I actually had the same problem as the guy who wrote the original How to relocate your Groove 2007 files to another disk - my C-partition is only a couple of Gigabytes and most of my data resides on D-partition. Unfortunately Groove 2007 seems to keep it's user and system files on C-drive - so when you are using some big Groove workspaces, your C-drive simply gets swamped.
Luckily, there is a workaround in Vista called symbolic links where you basically redirect your folder to another location (this was the workaround from the original post).
Unfortunately I'm still running Windows XP so no full support for symbolic links. And then I stumbled onto something called junction points which are actually also directory symbolic links (already supported on Windows 2000 and higher.) You can create junction points using the linkd program which you can find in the Windows Resource Kit but there is also a program from Sysinternals called Junction so that you don't need to install the whole Windows Resource Kit.
So what are the steps that you will need to do (based on the original How to relocate your Groove 2007 files to another disk )
- Shutdown Groove
- Create a new folder on the disk you want the files to move to.
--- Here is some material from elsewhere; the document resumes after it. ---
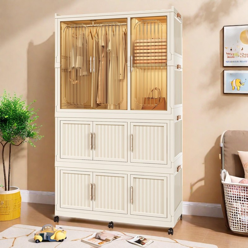 - 【Versatile & Mobile Storage Solution】 This collapsible wardrobe can be used as a closet, storage unit, toy organizer, or even a shoe rack depending on your needs. The upper and lower sections can be used separately, offering flexibility as a standalone wardrobe or toy box. Equipped with wheels, it can be moved effortlessly between rooms.

I created a folder called GrooveData on my D: drive
- Open Windows Explorer and navigate to C:\Users\<username>\Appdata\Local\Microsoft\Office\Groove (well on my machine it actually used another folder - C:\Documents and Settings\[loginid]\Local Settings\Application Data\Microsoft\OFFICE\Groove )
- Select the ‘System’ and ‘User’ folder and move them to the directory on the other disk that you created in step 2.
- Use the junction tool to map the folders.
junction "C:\Documents and Settings\[loginid]\Local Settings\Application Data\
Microsoft\OFFICE\Groove" d:\groovedata
I restarted Groove and everything seemed to work fine.